### [THE TASK]
When you transcribe the lines below, keep every word the same and leave the pictures behind.

### [DATASET CONTENT]
BEGIN

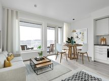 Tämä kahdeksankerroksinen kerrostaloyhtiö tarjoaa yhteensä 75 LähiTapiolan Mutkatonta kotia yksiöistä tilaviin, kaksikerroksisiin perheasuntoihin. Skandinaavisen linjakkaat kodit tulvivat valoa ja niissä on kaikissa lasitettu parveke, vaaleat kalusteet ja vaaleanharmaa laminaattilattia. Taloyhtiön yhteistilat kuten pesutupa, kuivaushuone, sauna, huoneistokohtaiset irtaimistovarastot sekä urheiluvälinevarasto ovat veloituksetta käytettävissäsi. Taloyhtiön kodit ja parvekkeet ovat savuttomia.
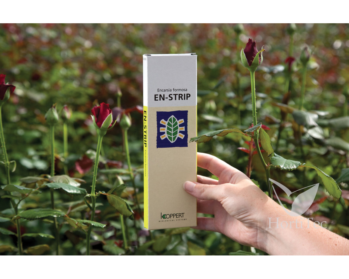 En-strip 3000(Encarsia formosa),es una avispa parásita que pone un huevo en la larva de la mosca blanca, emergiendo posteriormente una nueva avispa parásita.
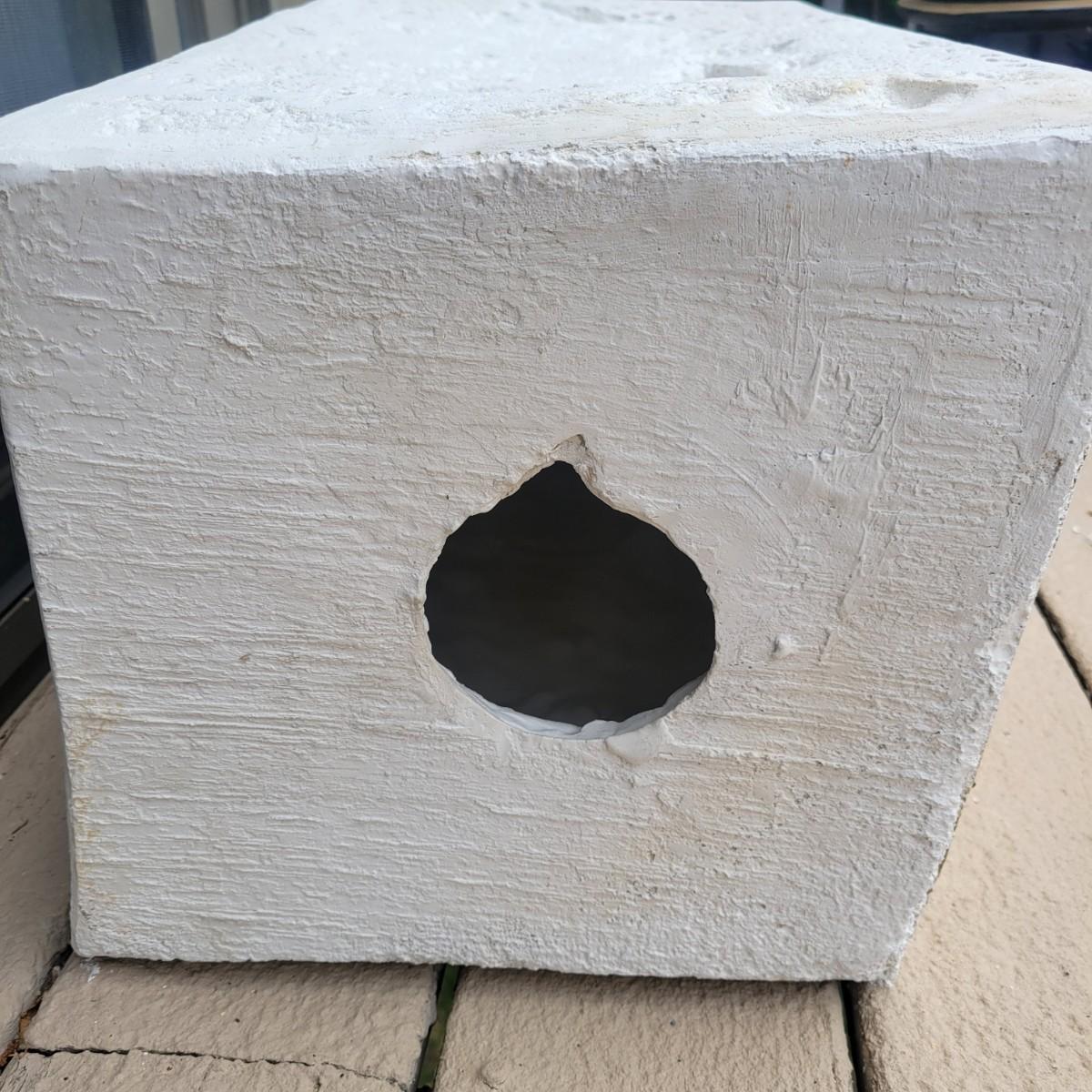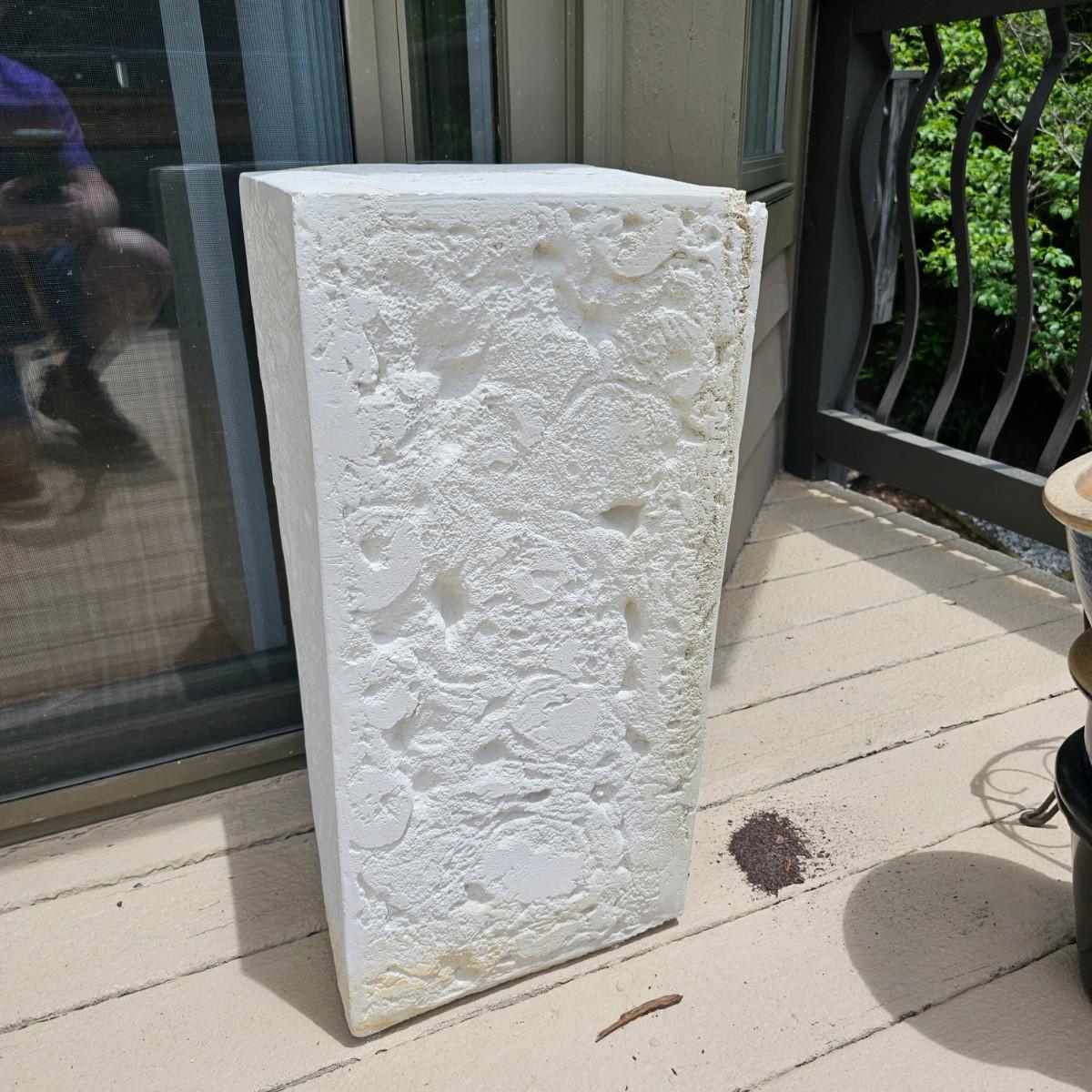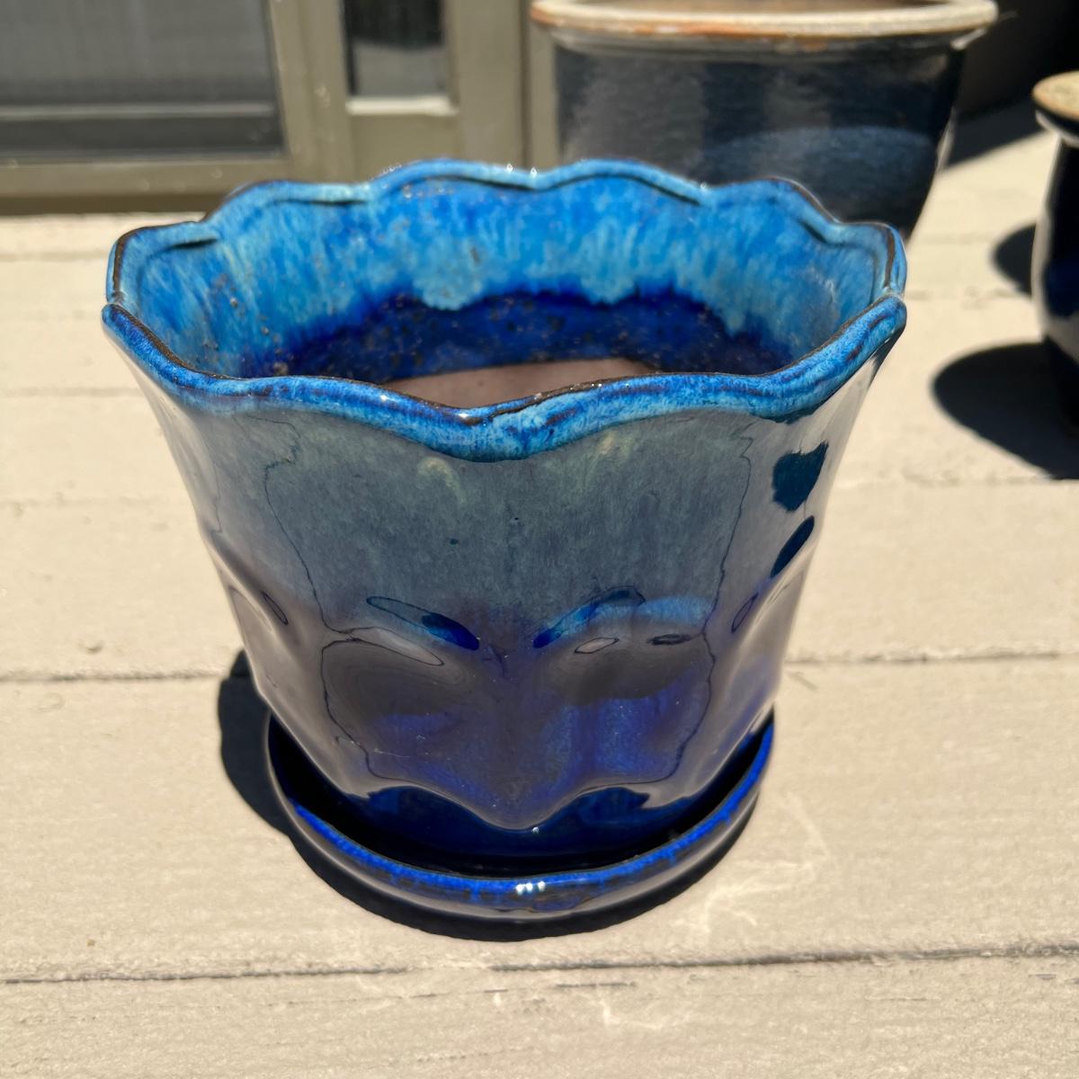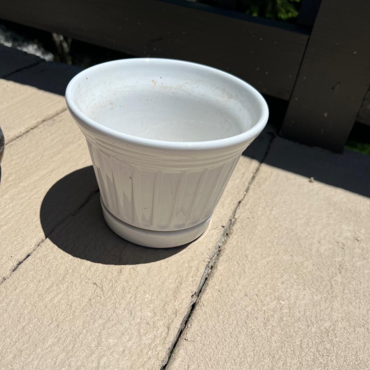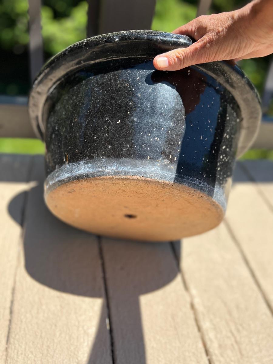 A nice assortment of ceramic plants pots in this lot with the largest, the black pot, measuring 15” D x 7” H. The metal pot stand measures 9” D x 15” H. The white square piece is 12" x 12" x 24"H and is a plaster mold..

END

### [FINAL ANSWER]
 Tämä kahdeksankerroksinen kerrostaloyhtiö tarjoaa yhteensä 75 LähiTapiolan Mutkatonta kotia yksiöistä tilaviin, kaksikerroksisiin perheasuntoihin. Skandinaavisen linjakkaat kodit tulvivat valoa ja niissä on kaikissa lasitettu parveke, vaaleat kalusteet ja vaaleanharmaa laminaattilattia. Taloyhtiön yhteistilat kuten pesutupa, kuivaushuone, sauna, huoneistokohtaiset irtaimistovarastot sekä urheiluvälinevarasto ovat veloituksetta käytettävissäsi. Taloyhtiön kodit ja parvekkeet ovat savuttomia.
 En-strip 3000(Encarsia formosa),es una avispa parásita que pone un huevo en la larva de la mosca blanca, emergiendo posteriormente una nueva avispa parásita.
 A nice assortment of ceramic plants pots in this lot with the largest, the black pot, measuring 15” D x 7” H. The metal pot stand measures 9” D x 15” H. The white square piece is 12" x 12" x 24"H and is a plaster mold..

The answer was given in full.